___ Working data
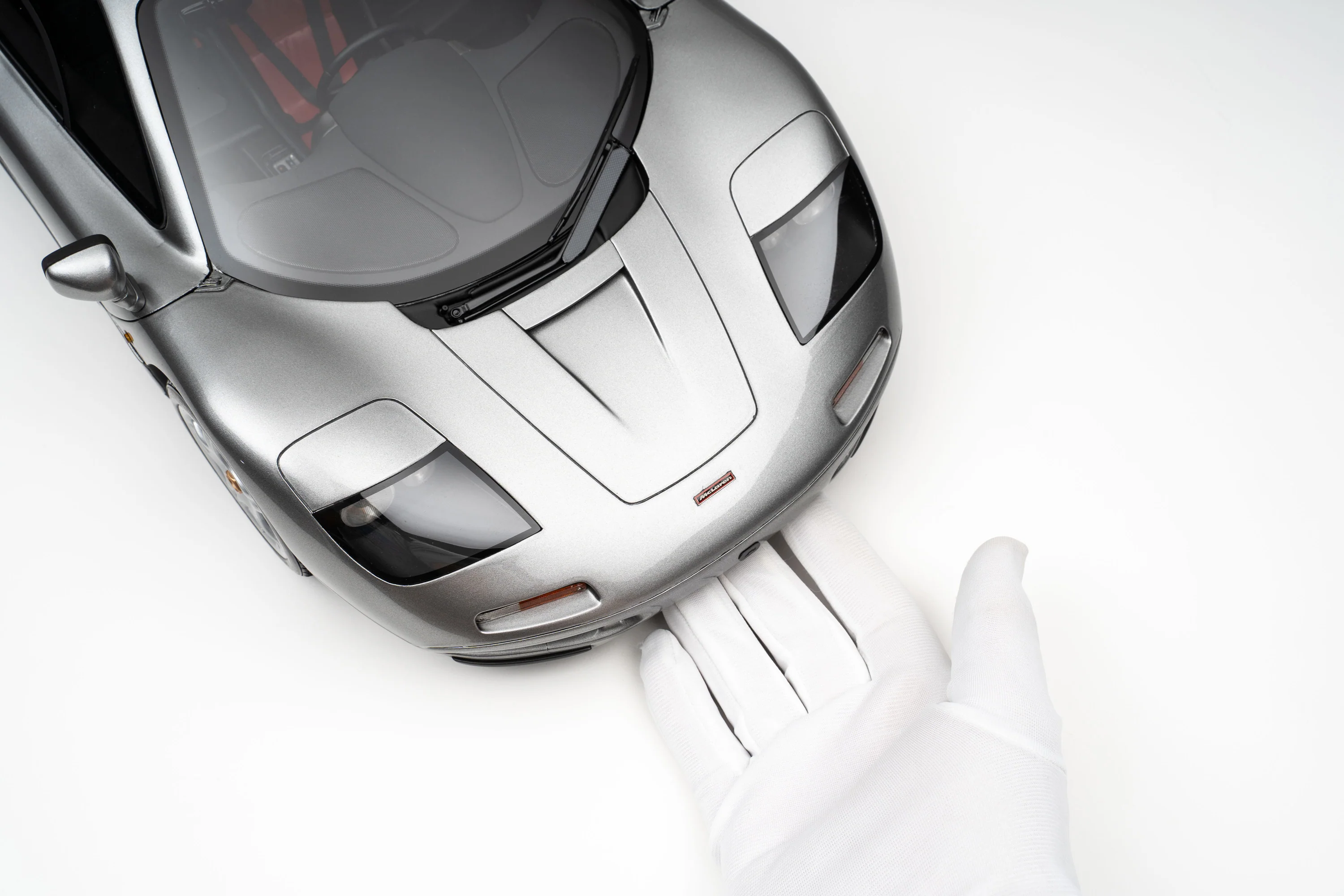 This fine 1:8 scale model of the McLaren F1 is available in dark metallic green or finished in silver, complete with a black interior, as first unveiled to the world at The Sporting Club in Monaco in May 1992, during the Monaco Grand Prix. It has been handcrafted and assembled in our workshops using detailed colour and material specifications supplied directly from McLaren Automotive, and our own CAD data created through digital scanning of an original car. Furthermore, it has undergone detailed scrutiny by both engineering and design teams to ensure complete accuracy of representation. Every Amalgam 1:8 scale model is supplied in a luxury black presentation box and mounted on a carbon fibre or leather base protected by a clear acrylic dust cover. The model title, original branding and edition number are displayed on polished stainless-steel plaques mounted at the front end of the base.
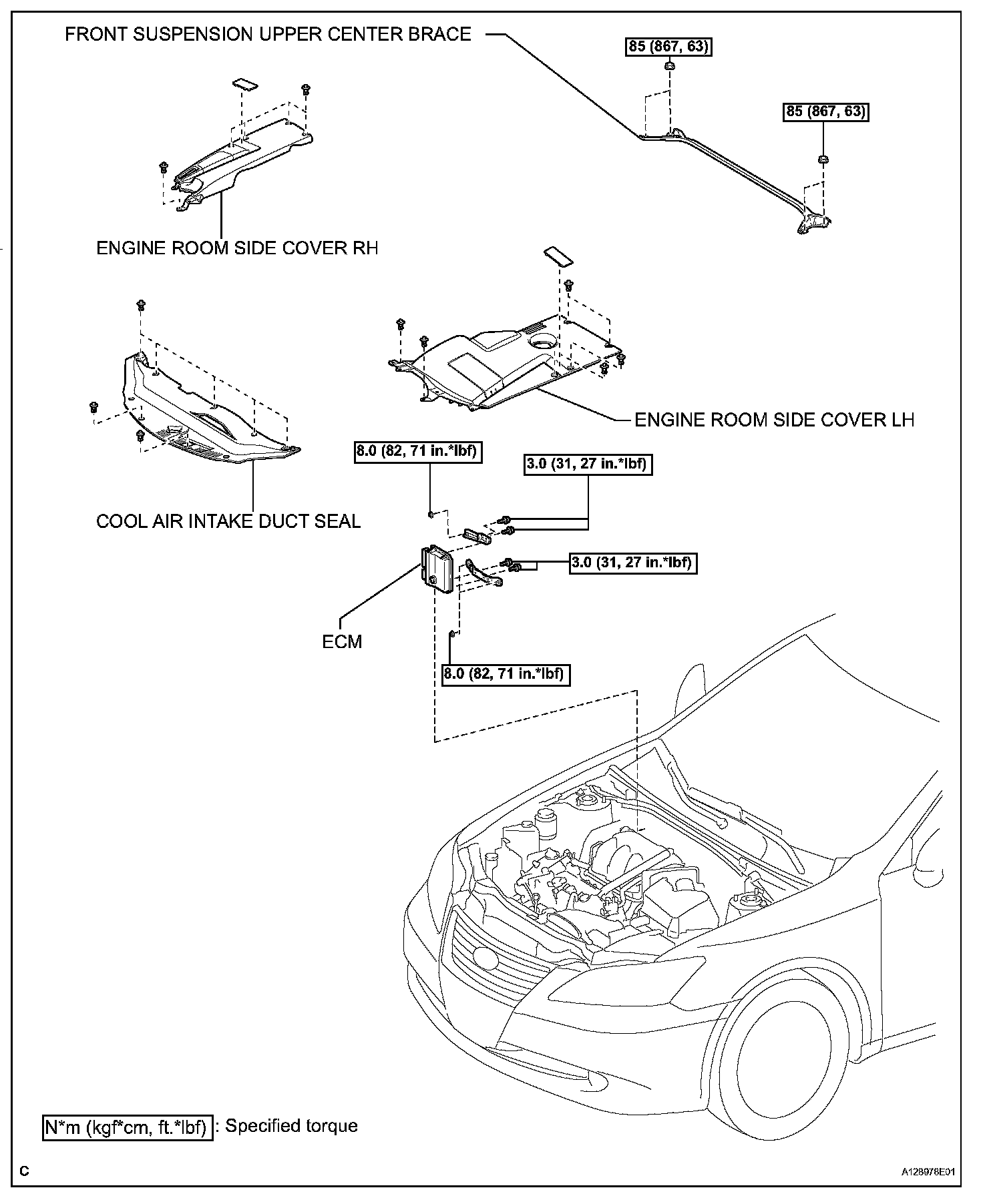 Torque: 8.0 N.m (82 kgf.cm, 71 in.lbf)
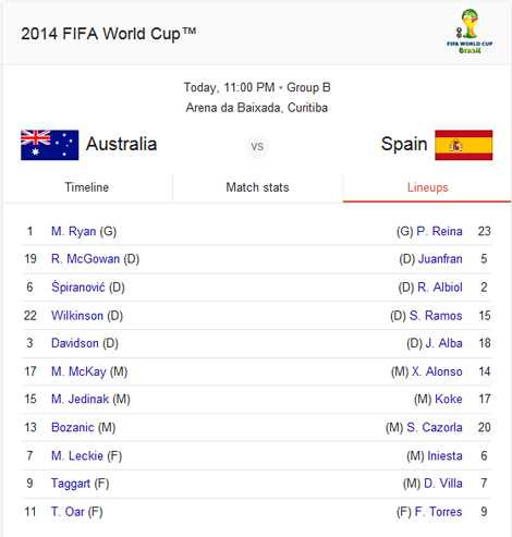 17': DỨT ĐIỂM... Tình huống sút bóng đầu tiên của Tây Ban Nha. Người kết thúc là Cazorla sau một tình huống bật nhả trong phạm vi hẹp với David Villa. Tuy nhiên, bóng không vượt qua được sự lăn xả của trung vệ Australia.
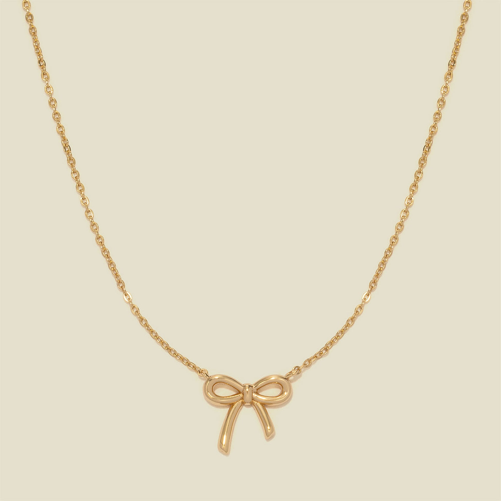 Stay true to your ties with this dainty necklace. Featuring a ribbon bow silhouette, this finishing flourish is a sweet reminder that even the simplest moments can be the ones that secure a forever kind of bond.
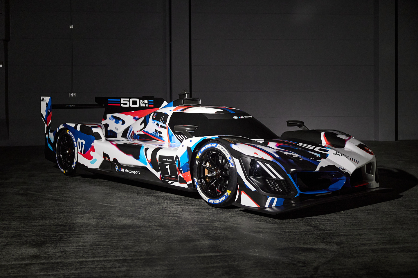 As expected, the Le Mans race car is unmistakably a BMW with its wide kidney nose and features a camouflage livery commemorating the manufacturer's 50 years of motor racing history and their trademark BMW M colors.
______
___ Working data
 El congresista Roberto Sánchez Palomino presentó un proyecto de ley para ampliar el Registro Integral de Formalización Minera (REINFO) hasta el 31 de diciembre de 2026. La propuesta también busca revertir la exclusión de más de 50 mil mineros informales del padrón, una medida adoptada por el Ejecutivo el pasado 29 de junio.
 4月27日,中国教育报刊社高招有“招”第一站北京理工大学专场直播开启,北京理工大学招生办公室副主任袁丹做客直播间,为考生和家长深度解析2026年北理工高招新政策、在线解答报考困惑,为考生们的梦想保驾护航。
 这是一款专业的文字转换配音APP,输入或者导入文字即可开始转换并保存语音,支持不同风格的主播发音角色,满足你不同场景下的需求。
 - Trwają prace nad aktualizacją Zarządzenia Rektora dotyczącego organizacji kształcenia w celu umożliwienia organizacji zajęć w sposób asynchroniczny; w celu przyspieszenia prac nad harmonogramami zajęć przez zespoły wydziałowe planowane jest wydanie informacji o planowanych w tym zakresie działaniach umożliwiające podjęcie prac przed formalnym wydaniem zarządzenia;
______
___ Working data
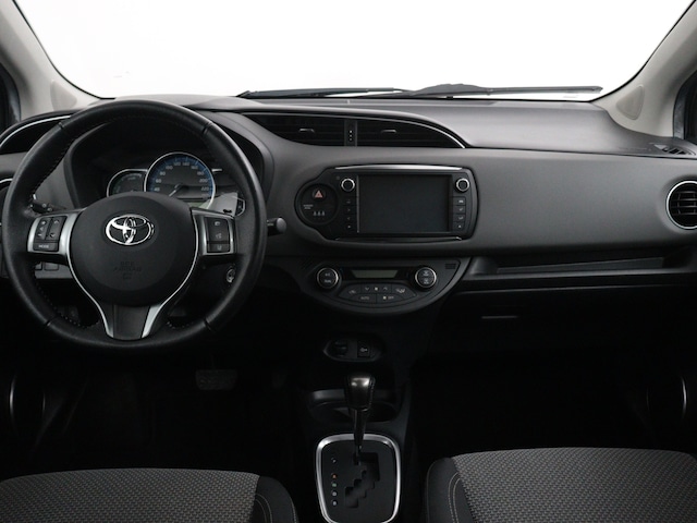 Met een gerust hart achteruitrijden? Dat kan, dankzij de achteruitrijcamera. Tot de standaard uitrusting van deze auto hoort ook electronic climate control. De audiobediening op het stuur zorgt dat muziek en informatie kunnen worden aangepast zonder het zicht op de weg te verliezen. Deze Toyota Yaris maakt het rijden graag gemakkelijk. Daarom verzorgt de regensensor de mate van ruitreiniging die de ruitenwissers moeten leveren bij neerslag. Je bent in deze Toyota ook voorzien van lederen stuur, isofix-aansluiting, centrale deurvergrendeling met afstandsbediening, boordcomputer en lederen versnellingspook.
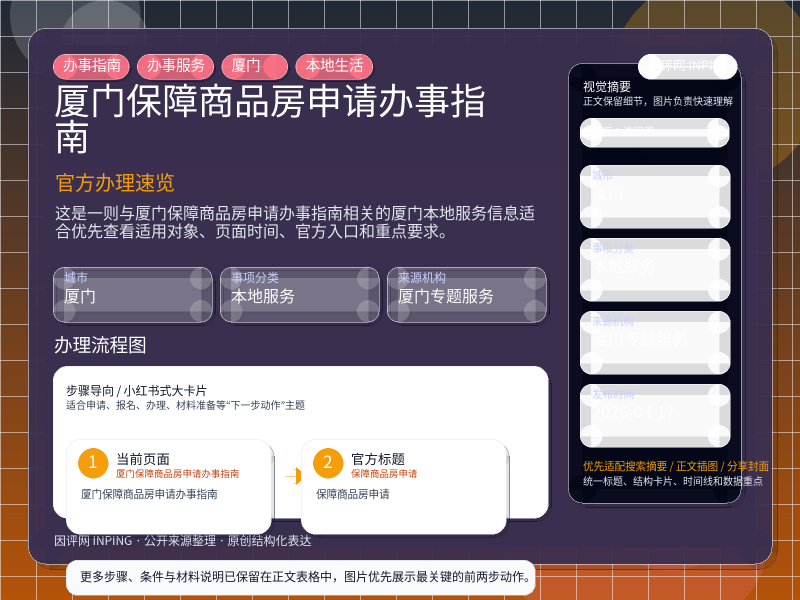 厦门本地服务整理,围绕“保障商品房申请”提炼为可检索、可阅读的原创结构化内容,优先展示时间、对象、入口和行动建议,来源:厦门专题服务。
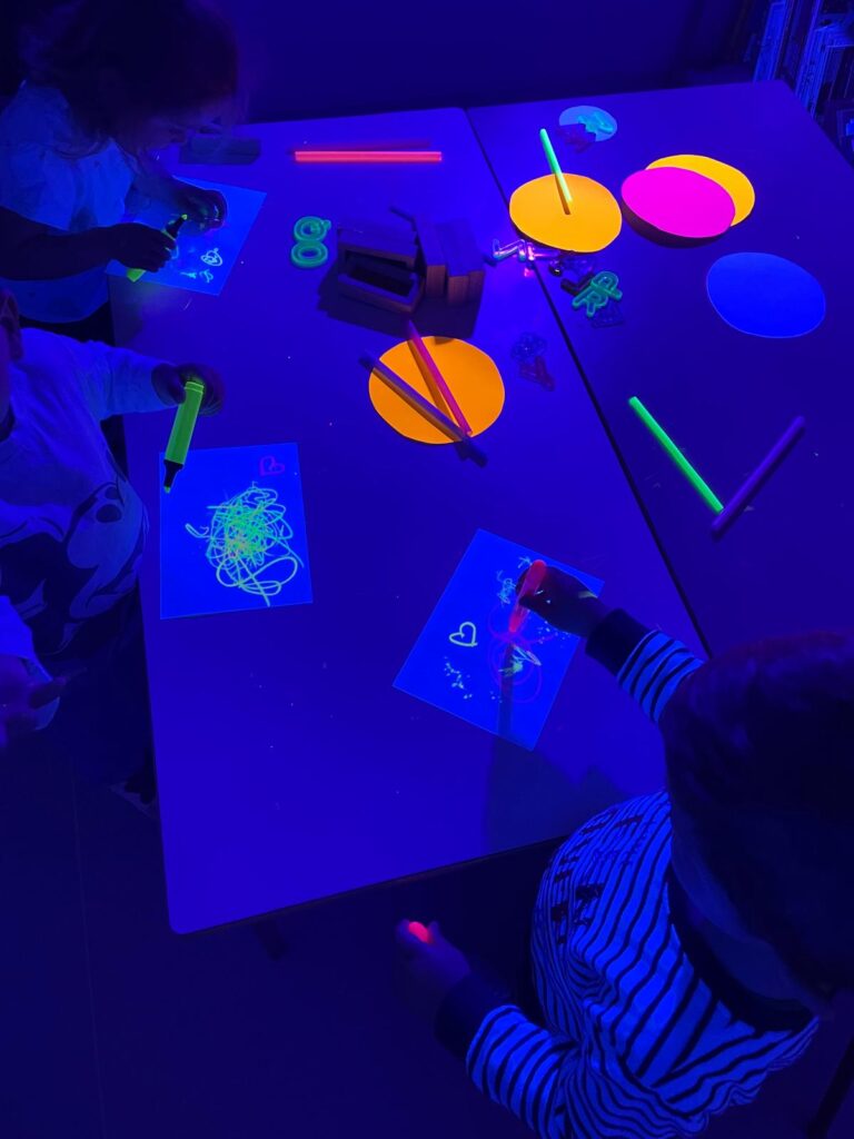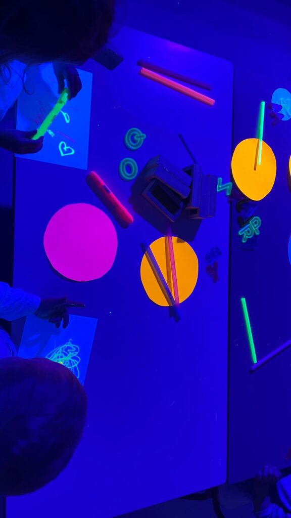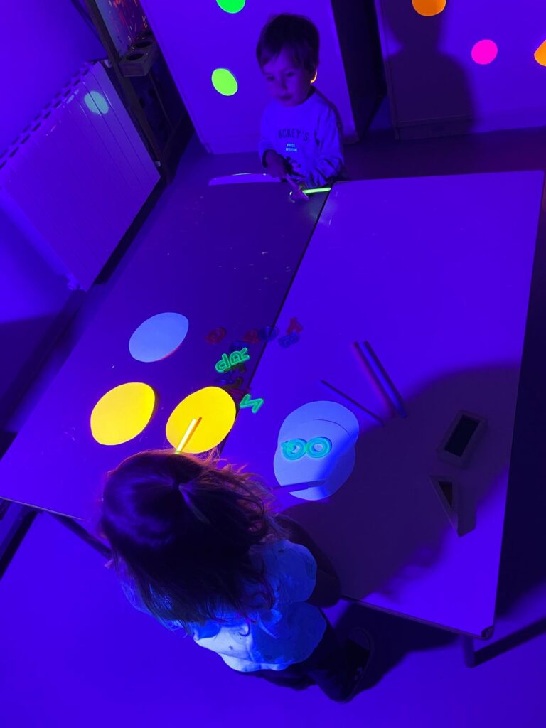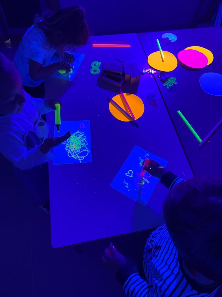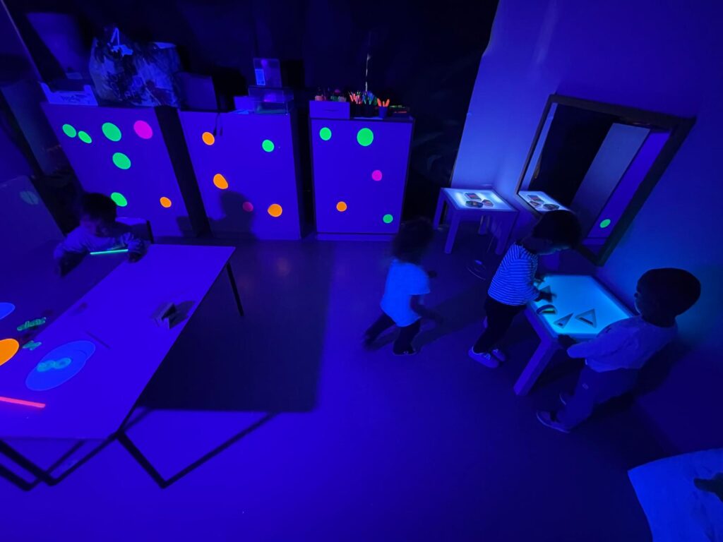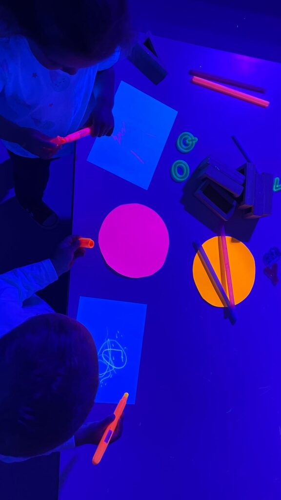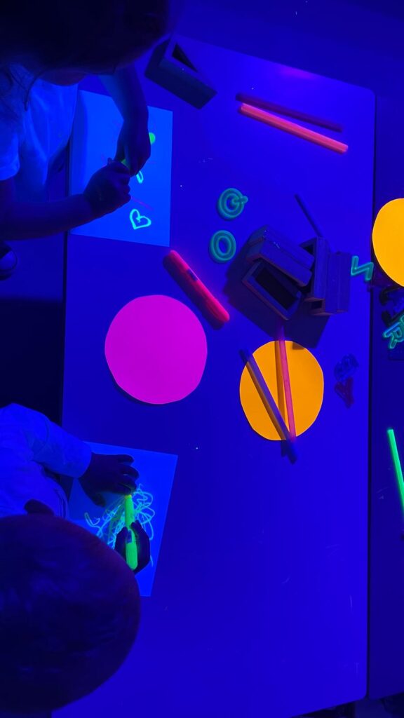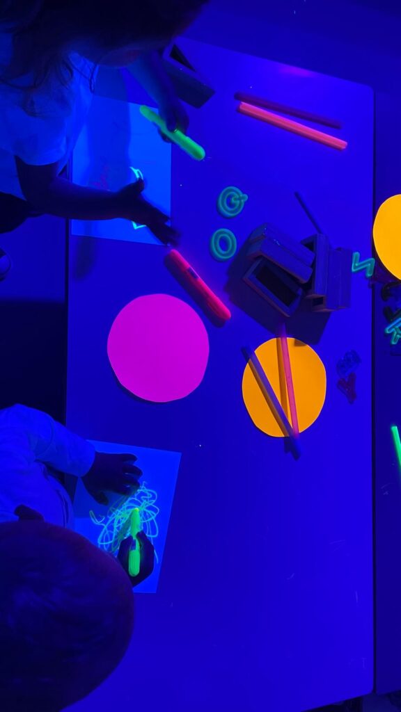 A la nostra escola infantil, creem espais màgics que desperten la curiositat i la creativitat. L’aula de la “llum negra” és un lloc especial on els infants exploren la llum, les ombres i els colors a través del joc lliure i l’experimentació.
______
[Goal of the exercise]
Only one stretch of the entries above is needed: the lines from the one containing "17': DỨT ĐIỂM..." through the one containing "As expected, the". Copy it exactly, without the pictures.

[Answer to the problem]
 17': DỨT ĐIỂM... Tình huống sút bóng đầu tiên của Tây Ban Nha. Người kết thúc là Cazorla sau một tình huống bật nhả trong phạm vi hẹp với David Villa. Tuy nhiên, bóng không vượt qua được sự lăn xả của trung vệ Australia.
 Stay true to your ties with this dainty necklace. Featuring a ribbon bow silhouette, this finishing flourish is a sweet reminder that even the simplest moments can be the ones that secure a forever kind of bond.
 As expected, the Le Mans race car is unmistakably a BMW with its wide kidney nose and features a camouflage livery commemorating the manufacturer's 50 years of motor racing history and their trademark BMW M colors.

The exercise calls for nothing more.